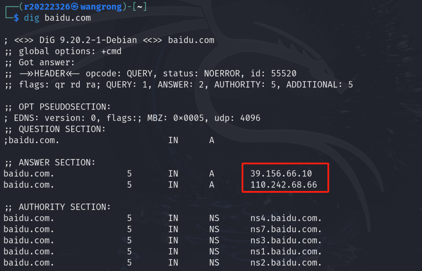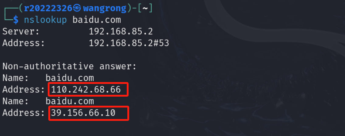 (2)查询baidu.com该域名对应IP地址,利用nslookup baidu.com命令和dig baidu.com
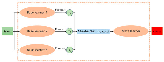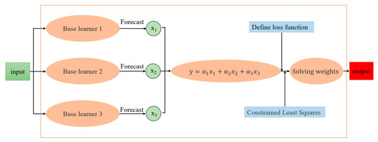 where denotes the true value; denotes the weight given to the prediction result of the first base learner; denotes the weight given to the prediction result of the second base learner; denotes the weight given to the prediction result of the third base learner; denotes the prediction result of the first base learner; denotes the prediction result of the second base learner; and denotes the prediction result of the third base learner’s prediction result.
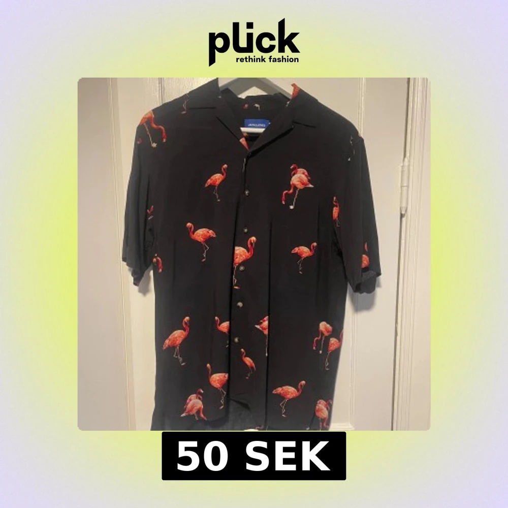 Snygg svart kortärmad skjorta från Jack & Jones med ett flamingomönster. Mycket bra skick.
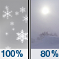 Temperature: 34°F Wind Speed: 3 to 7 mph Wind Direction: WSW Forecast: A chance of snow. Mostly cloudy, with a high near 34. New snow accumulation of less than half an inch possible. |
■ ■ ■
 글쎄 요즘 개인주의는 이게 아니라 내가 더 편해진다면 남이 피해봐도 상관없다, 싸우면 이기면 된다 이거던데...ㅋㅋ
■ ■ ■
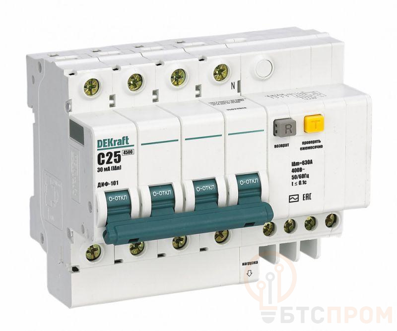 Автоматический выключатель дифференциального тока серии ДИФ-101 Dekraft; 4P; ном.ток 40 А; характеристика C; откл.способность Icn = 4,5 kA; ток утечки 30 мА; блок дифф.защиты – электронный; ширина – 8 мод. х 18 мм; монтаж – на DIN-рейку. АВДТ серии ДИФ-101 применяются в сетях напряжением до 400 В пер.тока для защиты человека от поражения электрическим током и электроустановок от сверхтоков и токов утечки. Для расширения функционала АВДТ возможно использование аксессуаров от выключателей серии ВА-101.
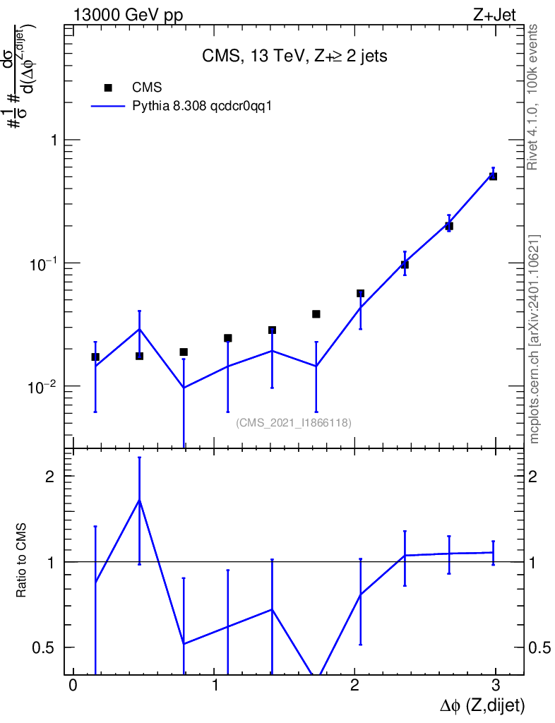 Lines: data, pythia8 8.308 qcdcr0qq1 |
■ ■ ■
**EXERCISE PROMPT**
Once the line with "Автоматический выключатель дифференциального" has been found above, output that line and every later line exactly, stopping after the line with "Lines: data, pythia8 8.308 qcdcr0qq1 |", and omit the pictures.

**ANSWER TO THE PROBLEM**
 Автоматический выключатель дифференциального тока серии ДИФ-101 Dekraft; 4P; ном.ток 40 А; характеристика C; откл.способность Icn = 4,5 kA; ток утечки 30 мА; блок дифф.защиты – электронный; ширина – 8 мод. х 18 мм; монтаж – на DIN-рейку. АВДТ серии ДИФ-101 применяются в сетях напряжением до 400 В пер.тока для защиты человека от поражения электрическим током и электроустановок от сверхтоков и токов утечки. Для расширения функционала АВДТ возможно использование аксессуаров от выключателей серии ВА-101.
 Lines: data, pythia8 8.308 qcdcr0qq1 |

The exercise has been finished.